- [WHAT TO WORK ON]: Make an exact copy of the records, and keep the pictures out of it.

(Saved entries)
============================================================
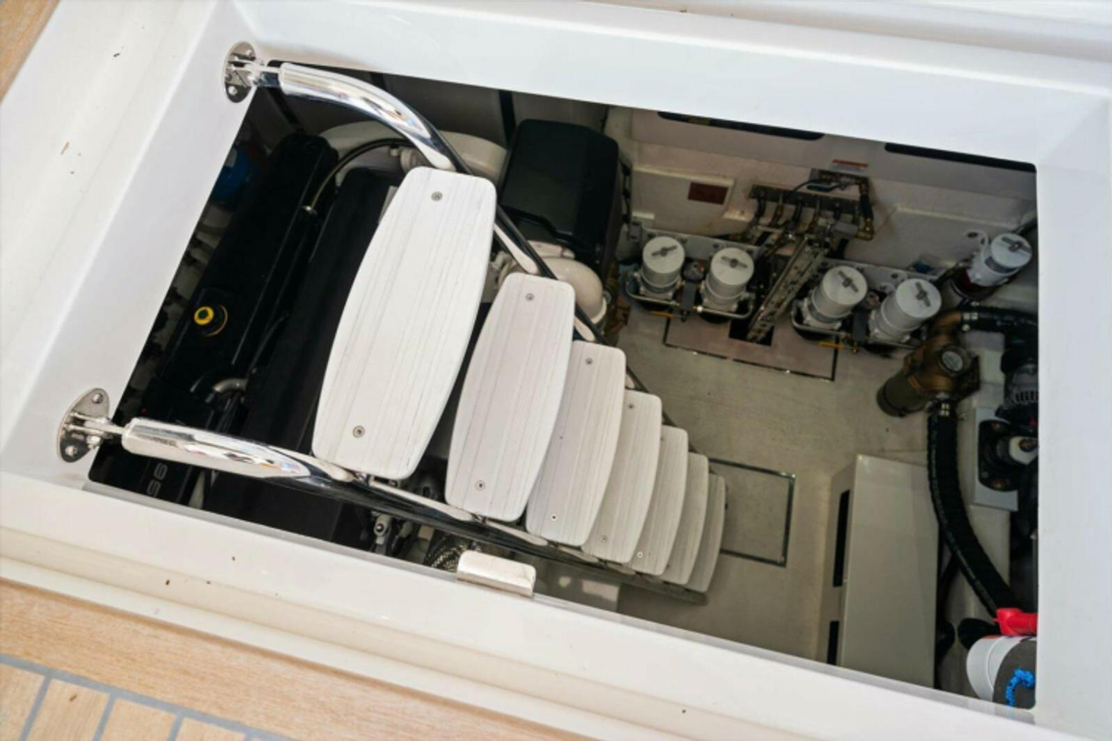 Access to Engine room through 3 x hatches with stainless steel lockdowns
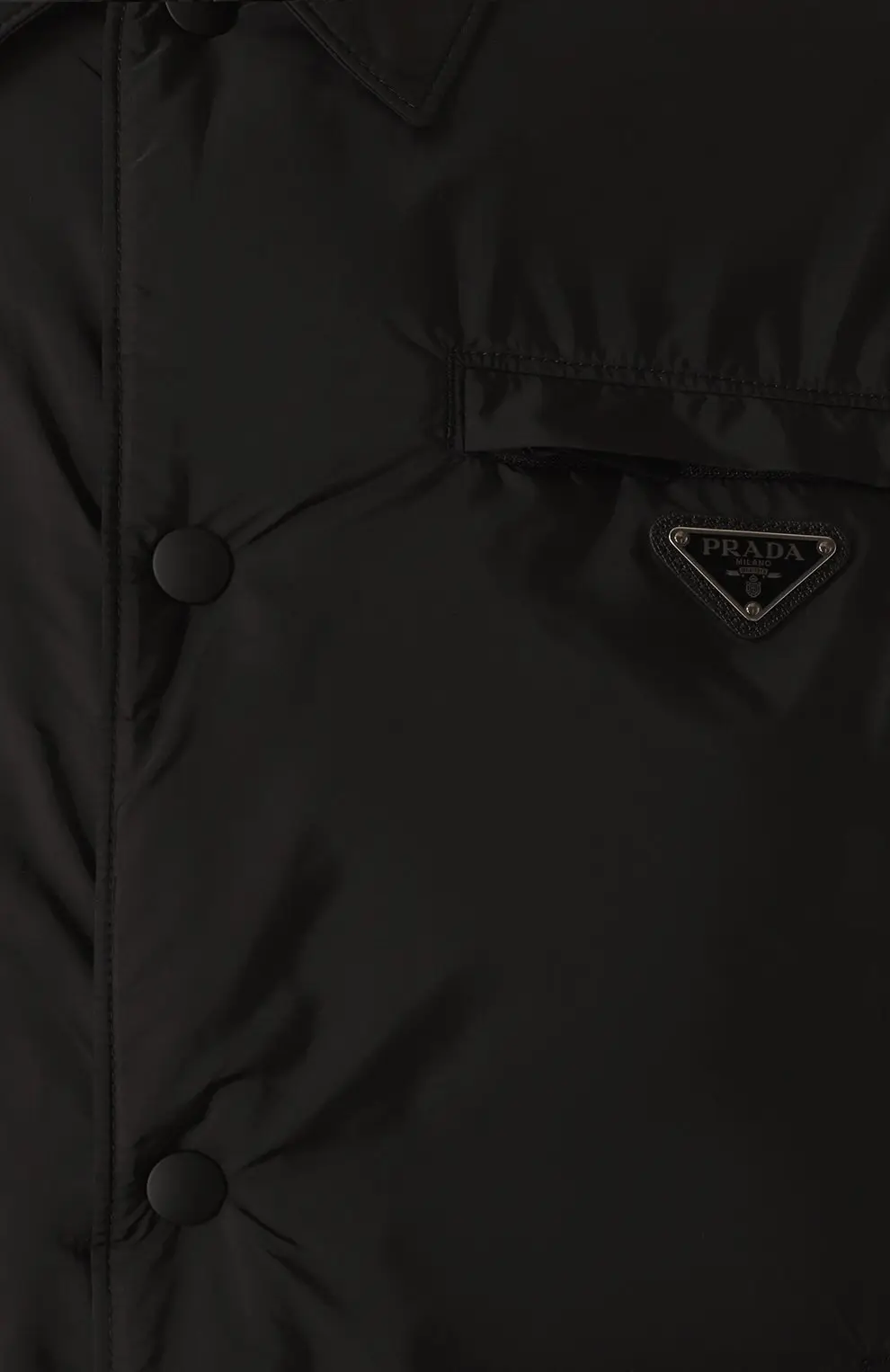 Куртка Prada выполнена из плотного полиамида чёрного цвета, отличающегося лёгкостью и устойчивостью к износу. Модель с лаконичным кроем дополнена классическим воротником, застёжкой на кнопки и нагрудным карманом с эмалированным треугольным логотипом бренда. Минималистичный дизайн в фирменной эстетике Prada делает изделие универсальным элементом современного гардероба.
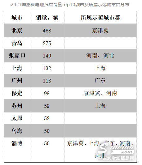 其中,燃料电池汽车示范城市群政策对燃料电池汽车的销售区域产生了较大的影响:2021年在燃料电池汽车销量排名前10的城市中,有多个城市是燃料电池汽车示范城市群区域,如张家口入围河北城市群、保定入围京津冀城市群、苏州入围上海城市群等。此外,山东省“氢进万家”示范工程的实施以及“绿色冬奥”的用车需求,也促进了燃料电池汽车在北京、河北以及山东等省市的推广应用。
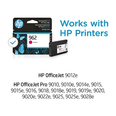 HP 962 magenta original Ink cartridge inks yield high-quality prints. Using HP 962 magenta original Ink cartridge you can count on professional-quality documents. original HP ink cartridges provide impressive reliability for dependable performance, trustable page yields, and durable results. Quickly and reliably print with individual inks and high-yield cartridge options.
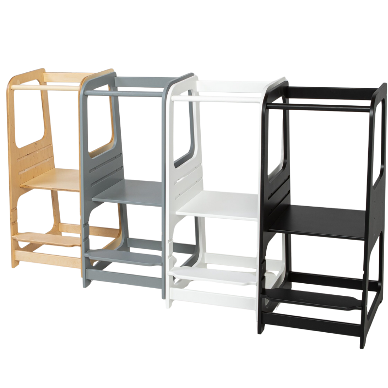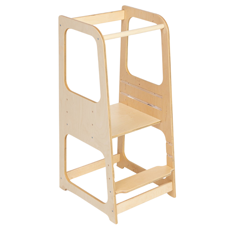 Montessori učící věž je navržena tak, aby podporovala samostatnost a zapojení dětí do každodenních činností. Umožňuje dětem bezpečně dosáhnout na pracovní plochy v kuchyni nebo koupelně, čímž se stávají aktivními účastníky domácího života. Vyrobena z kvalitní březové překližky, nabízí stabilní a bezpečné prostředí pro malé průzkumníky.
============================================================
- [REPLY]:
 Access to Engine room through 3 x hatches with stainless steel lockdowns
 Куртка Prada выполнена из плотного полиамида чёрного цвета, отличающегося лёгкостью и устойчивостью к износу. Модель с лаконичным кроем дополнена классическим воротником, застёжкой на кнопки и нагрудным карманом с эмалированным треугольным логотипом бренда. Минималистичный дизайн в фирменной эстетике Prada делает изделие универсальным элементом современного гардероба.
 其中,燃料电池汽车示范城市群政策对燃料电池汽车的销售区域产生了较大的影响:2021年在燃料电池汽车销量排名前10的城市中,有多个城市是燃料电池汽车示范城市群区域,如张家口入围河北城市群、保定入围京津冀城市群、苏州入围上海城市群等。此外,山东省“氢进万家”示范工程的实施以及“绿色冬奥”的用车需求,也促进了燃料电池汽车在北京、河北以及山东等省市的推广应用。
 HP 962 magenta original Ink cartridge inks yield high-quality prints. Using HP 962 magenta original Ink cartridge you can count on professional-quality documents. original HP ink cartridges provide impressive reliability for dependable performance, trustable page yields, and durable results. Quickly and reliably print with individual inks and high-yield cartridge options.
 Montessori učící věž je navržena tak, aby podporovala samostatnost a zapojení dětí do každodenních činností. Umožňuje dětem bezpečně dosáhnout na pracovní plochy v kuchyni nebo koupelně, čímž se stávají aktivními účastníky domácího života. Vyrobena z kvalitní březové překližky, nabízí stabilní a bezpečné prostředí pro malé průzkumníky.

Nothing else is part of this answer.